Народ новгородский на Рождество Христово в храмы потек, а княгиня Александра Брячиславна рожать надумала. Но ее все утешали – коли на такой великий праздник дитя родится, разве ж сие дурно?

Ах, как она этот Новгород возненавидела с первых же дней! Она и вообразить не могла в самых страшных снах, что бывают такие места на свете, где столько народу живет. Да не просто живет, а бурлит и клокочет, словно кипящая вода в котле. Страшная вечевая площадь, мощеная не камнем и не деревянными плахами, а перевернутыми нижними челюстями коровьих черепов… Как ступила на нее впервые княгиня Александра, так и стошнило ее.
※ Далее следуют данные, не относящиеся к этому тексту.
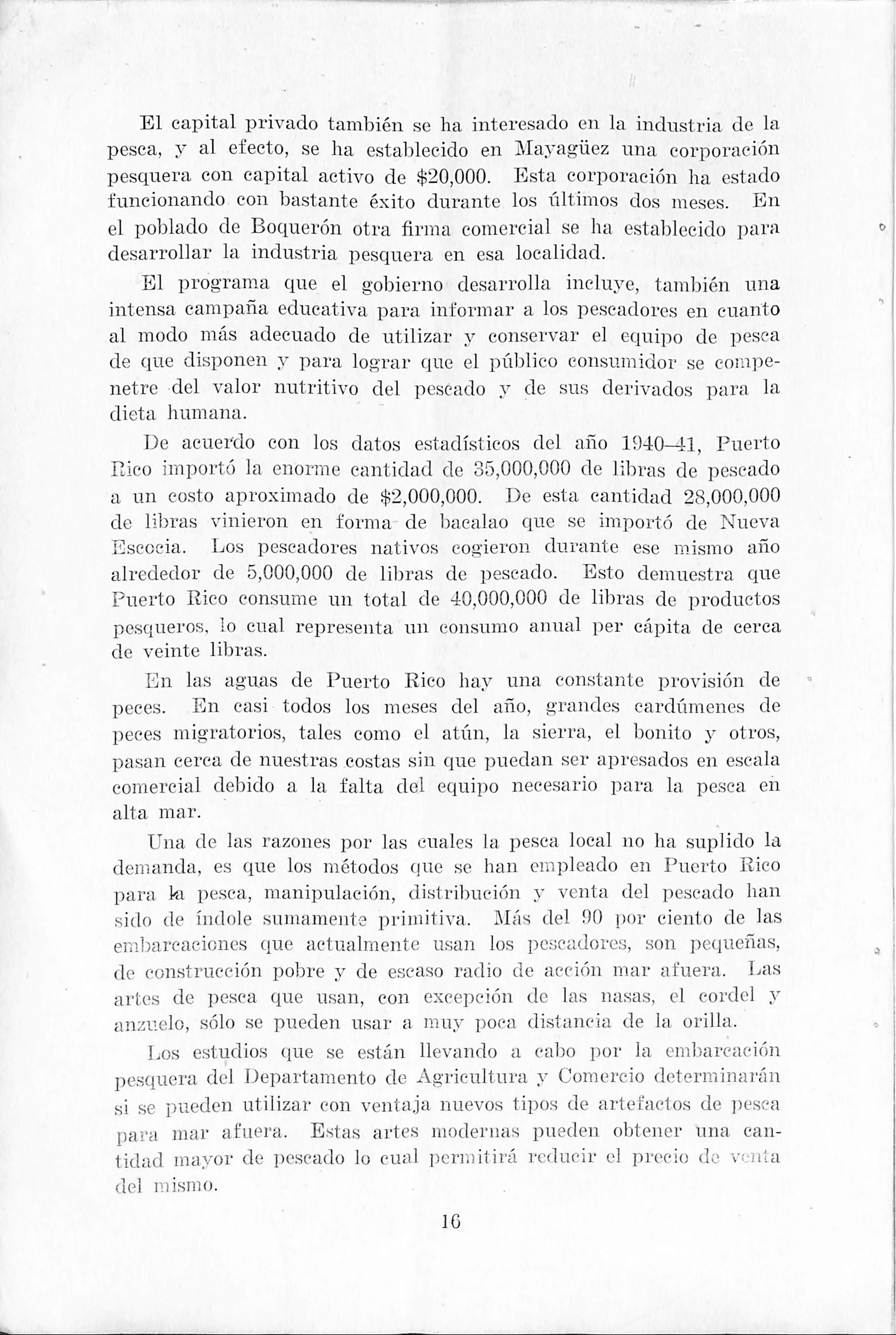El capital privado también se ha interesado en la industria de la pesca, y al efecto, se ha establecido en Mayagüez una corporación pesquera con capital activo de $20,000. Esta corporación ha estado funcionando con bastante éxito durante los últimos dos meses. En el poblado de Boquerón otra firma comercial se ha establecido para desarrollar la industria pesquera en esa localidad.

В Новгород отправились из Торопца через несколько дней после венчанья. Там уготована была встреча с Александровой матушкой и вторая свадебная каша. И хоть ведомо было Брячиславне про излишнюю скромность своей свекрови, все равно причудливо показалось ей, когда она увидела ее в самых простых одеждах и без единого украшения.

–    Ну, здравствуй, добрая невестушка, – поцеловала ее свекровь, оглядев с ног до головы.

–    Здравствуй, матушка Феодосия Игоревна, – ответила Александра и вдруг дерзко прошептала: – А я уже не порожняя!

–    Откуда знаешь? – удивилась теща.

–    Откуда знаю – не знаю, а знаю… – сказала Саночка и зарделась.

–    Аль с первой ночи и понесла?

–    С первой, матушка…

–    Вот и лучше быть не может! Дай же я тебя еще раз поцелую!

Со свекровью у Саночки быстро заладилось, и она часто радовалась – неизвестно, что бы было, если б у князя Ярослава не умерла первая жена, половецкая хатуня. Глядишь, половчанка не была бы такая добрая. Да и вторая жена у Ярослава, говорят, была своенравная, дочь Мстислава Удалого. Поссорившись с тестем, Ярослав бился с ним в сражении под Липицей, потерпел поражение и потерял Ростиславу – Мстислав попросту отнял ее у него. А, говорят, он любил ее. Но, слава Богу, женился в третий раз на хорошей. Вон сколько ему Феодосия сыновей и дочек наметала! А главное – родила для Саночки любезного мужа, Александра. И такая строгая, всегда незаметная. Будто и нет ее, а глянешь – да вон же она сидит себе молчком. Сказывают, таковою стала лишь после смерти старшего сына, умершего от непонятной скоротечной хвори. Она тогда решила, что излишне доселе наряжалась и украшалась, и поклялась впредь быть тихой и никуда не отлучаться от могилы в Юрьевом монастыре, жить только в Новгороде. Посему и на первой свадебной каше в То-ропце не присутствовала. Да и в Новгороде, когда тут вторую кашу чинили, недолго в веселье участвовала, ибо бежала всякого житейского игралища.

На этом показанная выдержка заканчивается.